**Entries supplied**.
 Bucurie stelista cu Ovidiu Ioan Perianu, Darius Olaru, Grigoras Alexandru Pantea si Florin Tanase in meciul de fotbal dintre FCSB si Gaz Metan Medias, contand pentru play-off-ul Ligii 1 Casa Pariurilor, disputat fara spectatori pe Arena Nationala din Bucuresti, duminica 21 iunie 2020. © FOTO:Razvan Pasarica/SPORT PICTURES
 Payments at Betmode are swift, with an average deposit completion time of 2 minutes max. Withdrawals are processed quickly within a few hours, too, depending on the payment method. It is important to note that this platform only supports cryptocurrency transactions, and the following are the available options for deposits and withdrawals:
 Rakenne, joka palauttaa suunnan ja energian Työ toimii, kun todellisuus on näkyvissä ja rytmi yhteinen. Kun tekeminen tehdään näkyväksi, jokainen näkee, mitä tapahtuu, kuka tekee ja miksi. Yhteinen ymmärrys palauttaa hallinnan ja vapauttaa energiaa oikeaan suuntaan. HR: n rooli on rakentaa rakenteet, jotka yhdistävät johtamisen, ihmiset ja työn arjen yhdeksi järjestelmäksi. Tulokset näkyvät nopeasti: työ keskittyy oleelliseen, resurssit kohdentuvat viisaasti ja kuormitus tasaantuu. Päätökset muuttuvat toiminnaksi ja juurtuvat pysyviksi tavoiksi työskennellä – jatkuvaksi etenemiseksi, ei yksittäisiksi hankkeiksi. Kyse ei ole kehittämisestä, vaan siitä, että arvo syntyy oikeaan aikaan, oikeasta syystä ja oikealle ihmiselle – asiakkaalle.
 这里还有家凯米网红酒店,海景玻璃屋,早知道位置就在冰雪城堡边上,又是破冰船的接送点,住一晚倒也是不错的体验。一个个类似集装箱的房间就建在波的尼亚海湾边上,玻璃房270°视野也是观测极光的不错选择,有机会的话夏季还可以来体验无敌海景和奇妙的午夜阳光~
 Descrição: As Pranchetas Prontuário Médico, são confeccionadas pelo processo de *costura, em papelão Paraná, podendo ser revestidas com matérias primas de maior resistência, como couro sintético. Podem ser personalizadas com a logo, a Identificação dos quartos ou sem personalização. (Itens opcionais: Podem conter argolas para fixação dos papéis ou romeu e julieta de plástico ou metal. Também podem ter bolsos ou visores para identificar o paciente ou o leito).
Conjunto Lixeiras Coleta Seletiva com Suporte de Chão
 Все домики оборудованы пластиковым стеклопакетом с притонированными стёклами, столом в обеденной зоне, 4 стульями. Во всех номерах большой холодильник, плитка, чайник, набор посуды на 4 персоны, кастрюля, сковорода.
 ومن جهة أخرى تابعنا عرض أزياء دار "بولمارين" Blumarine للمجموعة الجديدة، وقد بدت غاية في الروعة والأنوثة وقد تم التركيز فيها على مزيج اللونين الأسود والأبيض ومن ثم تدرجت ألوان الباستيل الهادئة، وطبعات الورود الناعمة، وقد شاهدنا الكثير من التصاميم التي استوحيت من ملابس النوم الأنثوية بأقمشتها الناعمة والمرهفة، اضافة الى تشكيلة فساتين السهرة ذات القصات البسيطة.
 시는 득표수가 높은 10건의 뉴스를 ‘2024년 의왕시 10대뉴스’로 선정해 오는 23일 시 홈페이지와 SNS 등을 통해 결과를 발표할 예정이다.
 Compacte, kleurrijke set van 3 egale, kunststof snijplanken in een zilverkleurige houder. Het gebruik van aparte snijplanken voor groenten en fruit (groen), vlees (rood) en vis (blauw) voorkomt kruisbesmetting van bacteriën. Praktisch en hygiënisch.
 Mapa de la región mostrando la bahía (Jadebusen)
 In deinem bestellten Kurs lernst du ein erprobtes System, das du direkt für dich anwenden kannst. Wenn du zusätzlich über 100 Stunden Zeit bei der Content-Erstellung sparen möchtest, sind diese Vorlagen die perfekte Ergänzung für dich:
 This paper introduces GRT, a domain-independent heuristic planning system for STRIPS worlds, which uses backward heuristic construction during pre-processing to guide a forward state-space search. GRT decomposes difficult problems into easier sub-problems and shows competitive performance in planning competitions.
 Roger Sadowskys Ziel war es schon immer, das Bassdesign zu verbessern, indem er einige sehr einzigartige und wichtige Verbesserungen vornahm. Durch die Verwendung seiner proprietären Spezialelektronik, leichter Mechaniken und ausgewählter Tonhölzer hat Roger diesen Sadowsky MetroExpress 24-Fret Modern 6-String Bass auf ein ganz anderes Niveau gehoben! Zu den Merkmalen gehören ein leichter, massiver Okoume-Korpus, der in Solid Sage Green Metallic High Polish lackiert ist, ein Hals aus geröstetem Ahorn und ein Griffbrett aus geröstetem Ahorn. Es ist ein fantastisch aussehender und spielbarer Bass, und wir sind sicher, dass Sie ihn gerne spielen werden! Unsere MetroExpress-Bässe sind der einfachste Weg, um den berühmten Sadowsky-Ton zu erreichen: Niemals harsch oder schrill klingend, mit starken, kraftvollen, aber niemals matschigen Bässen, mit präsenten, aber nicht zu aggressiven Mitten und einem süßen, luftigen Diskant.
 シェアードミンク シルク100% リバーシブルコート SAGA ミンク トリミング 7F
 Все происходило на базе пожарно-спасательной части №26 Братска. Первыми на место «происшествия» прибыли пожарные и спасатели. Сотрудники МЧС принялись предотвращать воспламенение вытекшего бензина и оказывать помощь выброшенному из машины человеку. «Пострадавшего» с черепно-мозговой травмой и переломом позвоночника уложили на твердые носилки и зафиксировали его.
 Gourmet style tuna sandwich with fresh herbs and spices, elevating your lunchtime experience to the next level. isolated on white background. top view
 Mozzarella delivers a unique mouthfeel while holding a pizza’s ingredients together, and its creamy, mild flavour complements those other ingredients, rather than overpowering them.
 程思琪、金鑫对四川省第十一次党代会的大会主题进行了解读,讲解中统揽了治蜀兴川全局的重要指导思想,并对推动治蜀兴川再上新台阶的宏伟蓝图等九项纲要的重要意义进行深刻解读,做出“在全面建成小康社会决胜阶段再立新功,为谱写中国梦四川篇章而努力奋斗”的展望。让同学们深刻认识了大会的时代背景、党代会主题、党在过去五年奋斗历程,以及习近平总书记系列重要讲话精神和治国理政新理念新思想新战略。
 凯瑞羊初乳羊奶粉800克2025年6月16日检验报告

**What is needed**. With nothing left out, output the whole listing exactly.

**Solution for this exercise**.
 Bucurie stelista cu Ovidiu Ioan Perianu, Darius Olaru, Grigoras Alexandru Pantea si Florin Tanase in meciul de fotbal dintre FCSB si Gaz Metan Medias, contand pentru play-off-ul Ligii 1 Casa Pariurilor, disputat fara spectatori pe Arena Nationala din Bucuresti, duminica 21 iunie 2020. © FOTO:Razvan Pasarica/SPORT PICTURES
 Payments at Betmode are swift, with an average deposit completion time of 2 minutes max. Withdrawals are processed quickly within a few hours, too, depending on the payment method. It is important to note that this platform only supports cryptocurrency transactions, and the following are the available options for deposits and withdrawals:
 Rakenne, joka palauttaa suunnan ja energian Työ toimii, kun todellisuus on näkyvissä ja rytmi yhteinen. Kun tekeminen tehdään näkyväksi, jokainen näkee, mitä tapahtuu, kuka tekee ja miksi. Yhteinen ymmärrys palauttaa hallinnan ja vapauttaa energiaa oikeaan suuntaan. HR: n rooli on rakentaa rakenteet, jotka yhdistävät johtamisen, ihmiset ja työn arjen yhdeksi järjestelmäksi. Tulokset näkyvät nopeasti: työ keskittyy oleelliseen, resurssit kohdentuvat viisaasti ja kuormitus tasaantuu. Päätökset muuttuvat toiminnaksi ja juurtuvat pysyviksi tavoiksi työskennellä – jatkuvaksi etenemiseksi, ei yksittäisiksi hankkeiksi. Kyse ei ole kehittämisestä, vaan siitä, että arvo syntyy oikeaan aikaan, oikeasta syystä ja oikealle ihmiselle – asiakkaalle.
 这里还有家凯米网红酒店,海景玻璃屋,早知道位置就在冰雪城堡边上,又是破冰船的接送点,住一晚倒也是不错的体验。一个个类似集装箱的房间就建在波的尼亚海湾边上,玻璃房270°视野也是观测极光的不错选择,有机会的话夏季还可以来体验无敌海景和奇妙的午夜阳光~
 Descrição: As Pranchetas Prontuário Médico, são confeccionadas pelo processo de *costura, em papelão Paraná, podendo ser revestidas com matérias primas de maior resistência, como couro sintético. Podem ser personalizadas com a logo, a Identificação dos quartos ou sem personalização. (Itens opcionais: Podem conter argolas para fixação dos papéis ou romeu e julieta de plástico ou metal. Também podem ter bolsos ou visores para identificar o paciente ou o leito).
Conjunto Lixeiras Coleta Seletiva com Suporte de Chão
 Все домики оборудованы пластиковым стеклопакетом с притонированными стёклами, столом в обеденной зоне, 4 стульями. Во всех номерах большой холодильник, плитка, чайник, набор посуды на 4 персоны, кастрюля, сковорода.
 ومن جهة أخرى تابعنا عرض أزياء دار "بولمارين" Blumarine للمجموعة الجديدة، وقد بدت غاية في الروعة والأنوثة وقد تم التركيز فيها على مزيج اللونين الأسود والأبيض ومن ثم تدرجت ألوان الباستيل الهادئة، وطبعات الورود الناعمة، وقد شاهدنا الكثير من التصاميم التي استوحيت من ملابس النوم الأنثوية بأقمشتها الناعمة والمرهفة، اضافة الى تشكيلة فساتين السهرة ذات القصات البسيطة.
 시는 득표수가 높은 10건의 뉴스를 ‘2024년 의왕시 10대뉴스’로 선정해 오는 23일 시 홈페이지와 SNS 등을 통해 결과를 발표할 예정이다.
 Compacte, kleurrijke set van 3 egale, kunststof snijplanken in een zilverkleurige houder. Het gebruik van aparte snijplanken voor groenten en fruit (groen), vlees (rood) en vis (blauw) voorkomt kruisbesmetting van bacteriën. Praktisch en hygiënisch.
 Mapa de la región mostrando la bahía (Jadebusen)
 In deinem bestellten Kurs lernst du ein erprobtes System, das du direkt für dich anwenden kannst. Wenn du zusätzlich über 100 Stunden Zeit bei der Content-Erstellung sparen möchtest, sind diese Vorlagen die perfekte Ergänzung für dich:
 This paper introduces GRT, a domain-independent heuristic planning system for STRIPS worlds, which uses backward heuristic construction during pre-processing to guide a forward state-space search. GRT decomposes difficult problems into easier sub-problems and shows competitive performance in planning competitions.
 Roger Sadowskys Ziel war es schon immer, das Bassdesign zu verbessern, indem er einige sehr einzigartige und wichtige Verbesserungen vornahm. Durch die Verwendung seiner proprietären Spezialelektronik, leichter Mechaniken und ausgewählter Tonhölzer hat Roger diesen Sadowsky MetroExpress 24-Fret Modern 6-String Bass auf ein ganz anderes Niveau gehoben! Zu den Merkmalen gehören ein leichter, massiver Okoume-Korpus, der in Solid Sage Green Metallic High Polish lackiert ist, ein Hals aus geröstetem Ahorn und ein Griffbrett aus geröstetem Ahorn. Es ist ein fantastisch aussehender und spielbarer Bass, und wir sind sicher, dass Sie ihn gerne spielen werden! Unsere MetroExpress-Bässe sind der einfachste Weg, um den berühmten Sadowsky-Ton zu erreichen: Niemals harsch oder schrill klingend, mit starken, kraftvollen, aber niemals matschigen Bässen, mit präsenten, aber nicht zu aggressiven Mitten und einem süßen, luftigen Diskant.
 シェアードミンク シルク100% リバーシブルコート SAGA ミンク トリミング 7F
 Все происходило на базе пожарно-спасательной части №26 Братска. Первыми на место «происшествия» прибыли пожарные и спасатели. Сотрудники МЧС принялись предотвращать воспламенение вытекшего бензина и оказывать помощь выброшенному из машины человеку. «Пострадавшего» с черепно-мозговой травмой и переломом позвоночника уложили на твердые носилки и зафиксировали его.
 Gourmet style tuna sandwich with fresh herbs and spices, elevating your lunchtime experience to the next level. isolated on white background. top view
 Mozzarella delivers a unique mouthfeel while holding a pizza’s ingredients together, and its creamy, mild flavour complements those other ingredients, rather than overpowering them.
 程思琪、金鑫对四川省第十一次党代会的大会主题进行了解读,讲解中统揽了治蜀兴川全局的重要指导思想,并对推动治蜀兴川再上新台阶的宏伟蓝图等九项纲要的重要意义进行深刻解读,做出“在全面建成小康社会决胜阶段再立新功,为谱写中国梦四川篇章而努力奋斗”的展望。让同学们深刻认识了大会的时代背景、党代会主题、党在过去五年奋斗历程,以及习近平总书记系列重要讲话精神和治国理政新理念新思想新战略。
 凯瑞羊初乳羊奶粉800克2025年6月16日检验报告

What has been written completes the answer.